[Stored records]
-- -- --

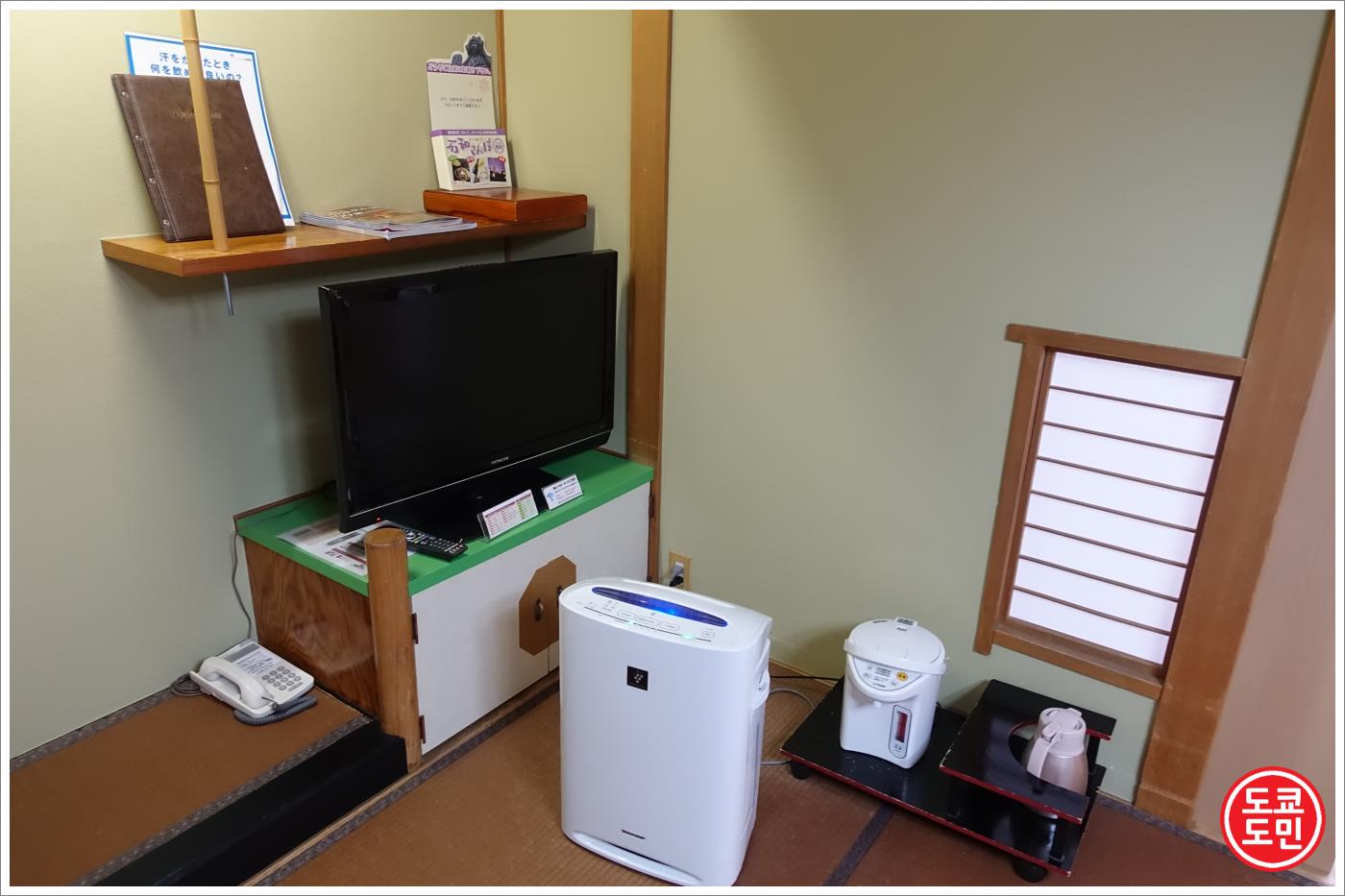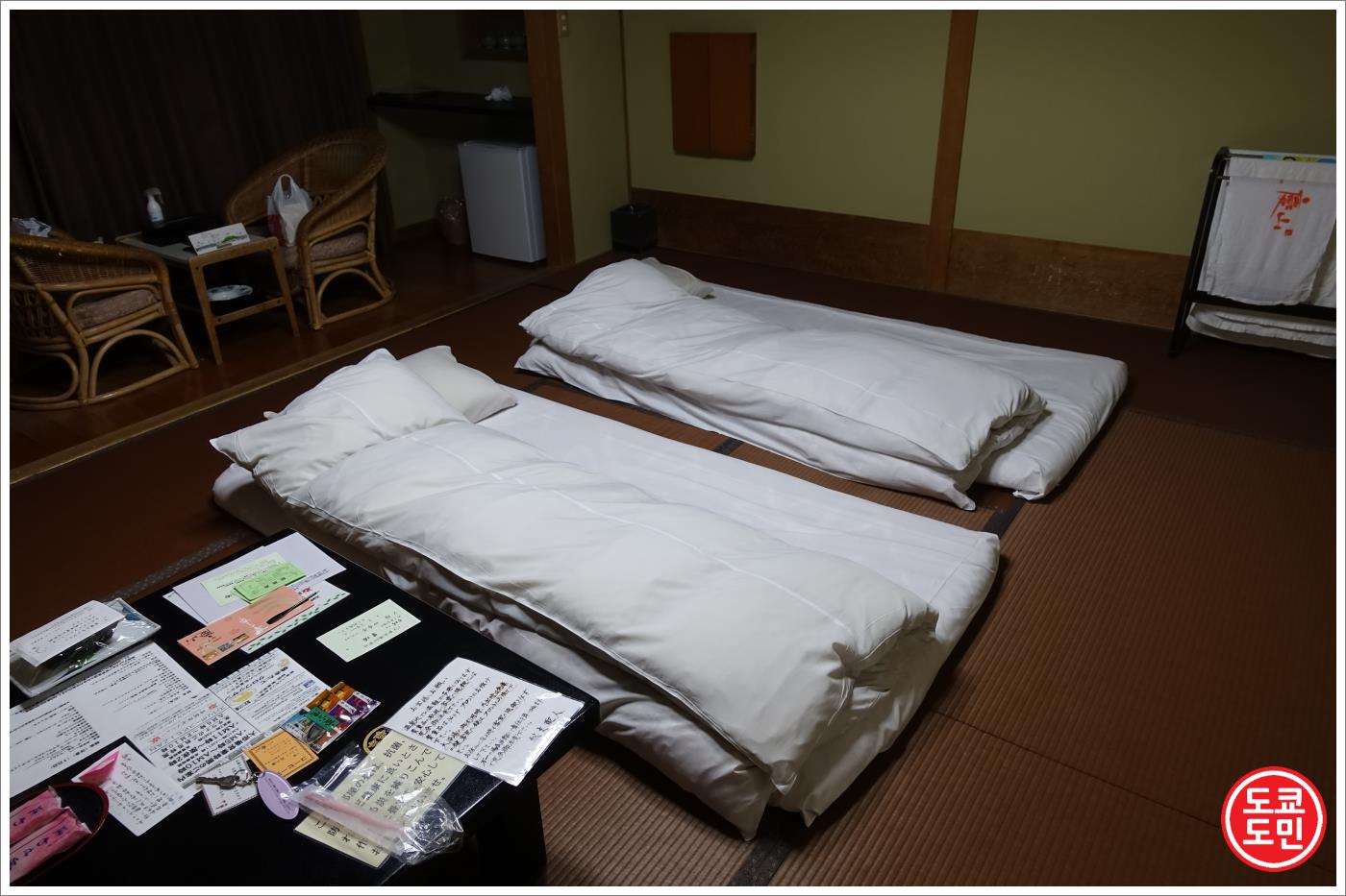 방은 다다미로 되어 있고, 중앙에 놓여있는 큰 테이블에는 차, 간단한 과자, 안내문등이 있었습니다.
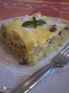 Hozzávalók: 15 dkg kristálycukor 1 cs vaníliás cukor 3 tojás 300 g kefir 150 g tejföl 1/2 liter tej 5 dkg mazsola 25 dkg fodros tészta margarin a tepsi kikenéséhez Elkészítése: A tojásokat a kétféle cukorral habosra keverem, majd beleöntöm a tejfölt és a kefirt, jól átkeverem, végül hozzáöntöm a tejet is. Egy kisebb tepsit […]
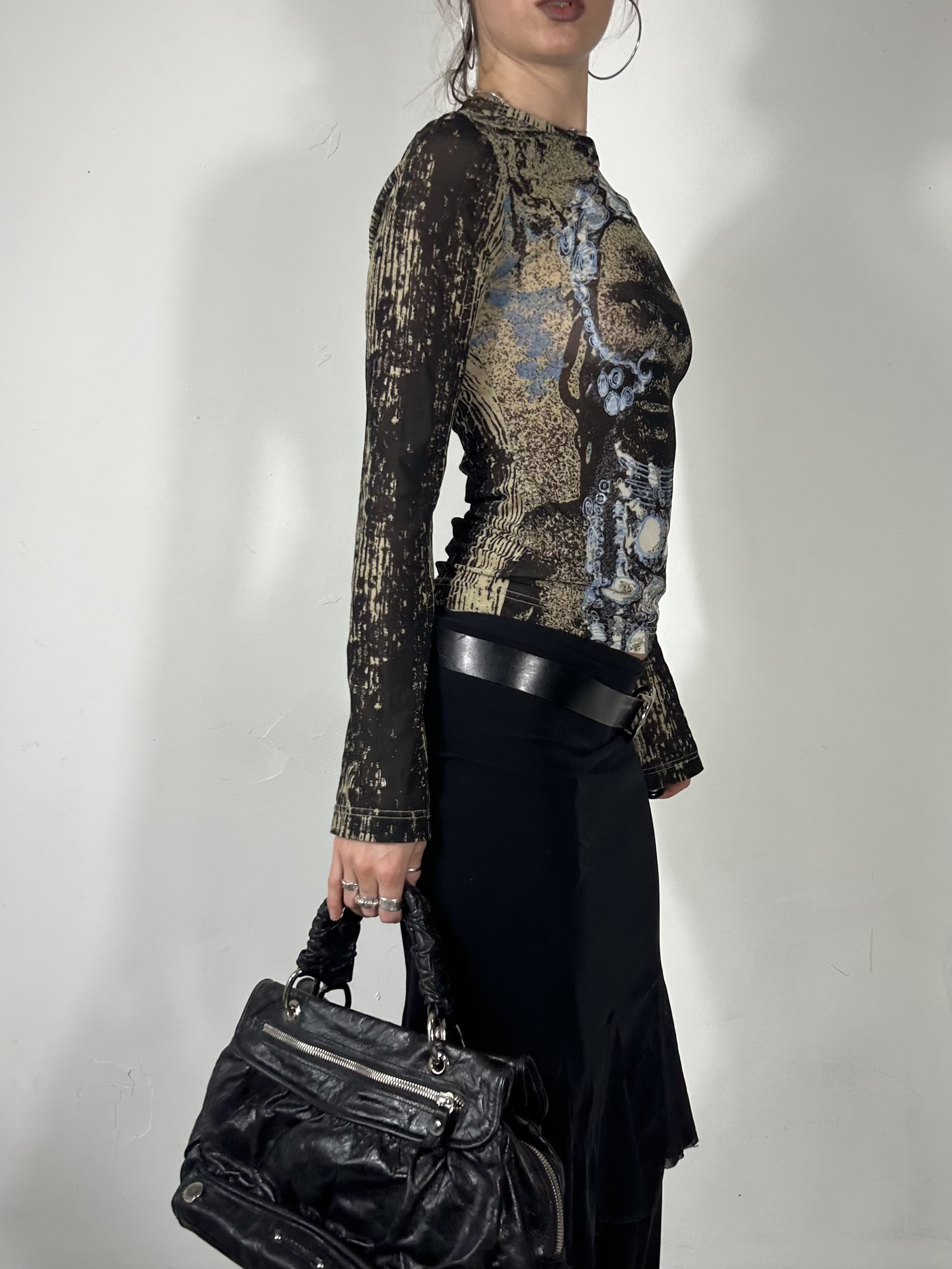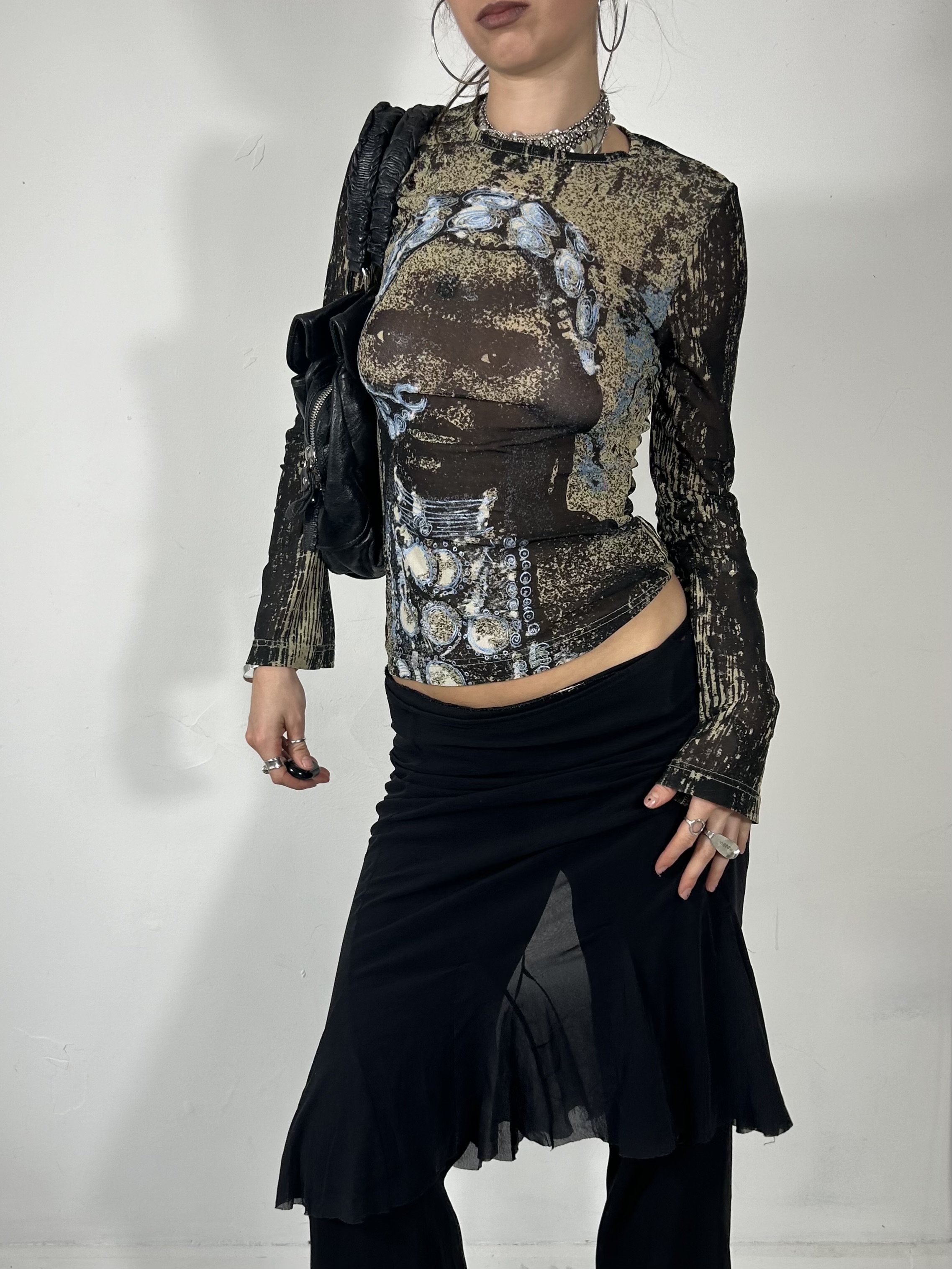 Earth tone long sleeve mesh top with graphic face motif detailing
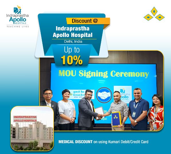 कुमारी बैंकका ग्राहकले नयाँ दिल्लीस्थित इन्द्रप्रस्थ अपोलो अस्पतालमा १०% सम्म छुट पाउने
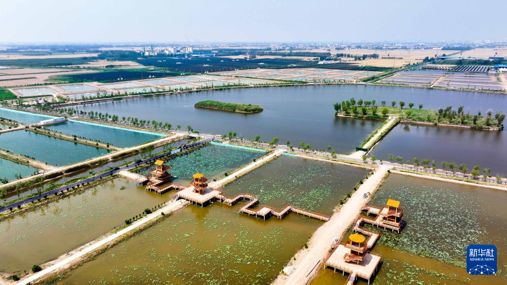 这是5月29日拍摄的郓城县张营街道乡村振兴示范园里的鱼塘和藕池(无人机照片)。该项目对彭庄煤矿塌陷区进行了“农业+”“生态+”综合开发利用。新华社记者 郭绪雷 摄
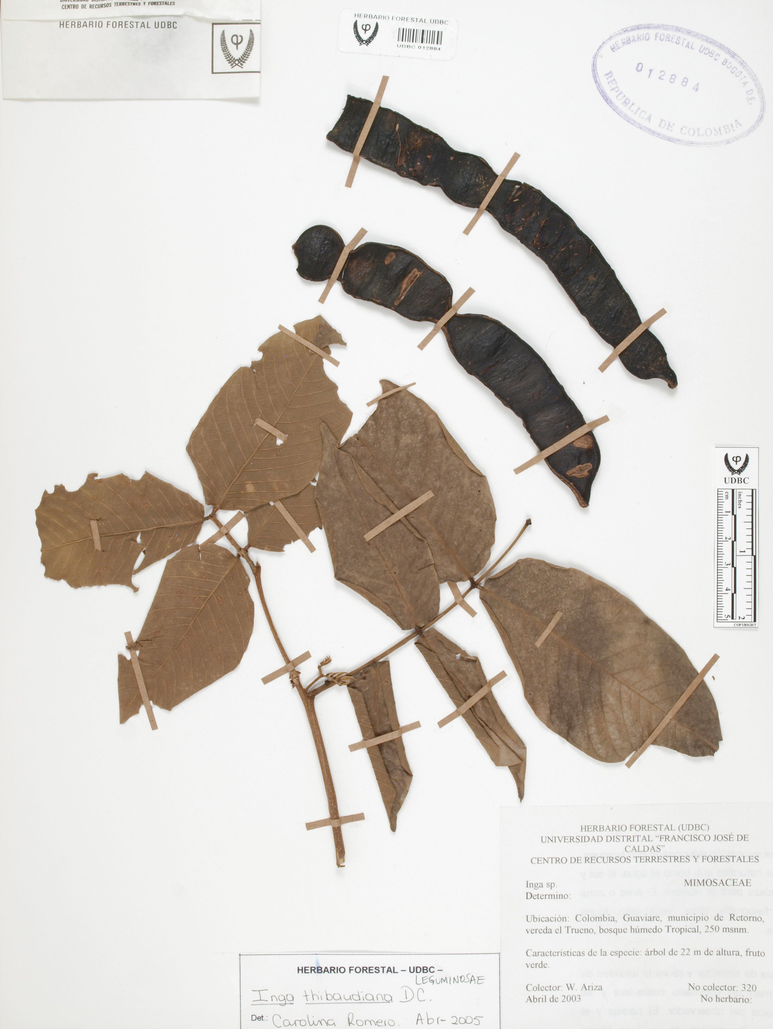 Fotografía del ejemplar Ariza, W. 320, determinado como Inga thibaudiana en el año 2005

-- -- --

ASSIGNMENT: Omit the pictures. Output every record above word for word.

ANSWER SECTION:
 방은 다다미로 되어 있고, 중앙에 놓여있는 큰 테이블에는 차, 간단한 과자, 안내문등이 있었습니다.
 Hozzávalók: 15 dkg kristálycukor 1 cs vaníliás cukor 3 tojás 300 g kefir 150 g tejföl 1/2 liter tej 5 dkg mazsola 25 dkg fodros tészta margarin a tepsi kikenéséhez Elkészítése: A tojásokat a kétféle cukorral habosra keverem, majd beleöntöm a tejfölt és a kefirt, jól átkeverem, végül hozzáöntöm a tejet is. Egy kisebb tepsit […]
 Earth tone long sleeve mesh top with graphic face motif detailing
 कुमारी बैंकका ग्राहकले नयाँ दिल्लीस्थित इन्द्रप्रस्थ अपोलो अस्पतालमा १०% सम्म छुट पाउने
 这是5月29日拍摄的郓城县张营街道乡村振兴示范园里的鱼塘和藕池(无人机照片)。该项目对彭庄煤矿塌陷区进行了“农业+”“生态+”综合开发利用。新华社记者 郭绪雷 摄
 Fotografía del ejemplar Ariza, W. 320, determinado como Inga thibaudiana en el año 2005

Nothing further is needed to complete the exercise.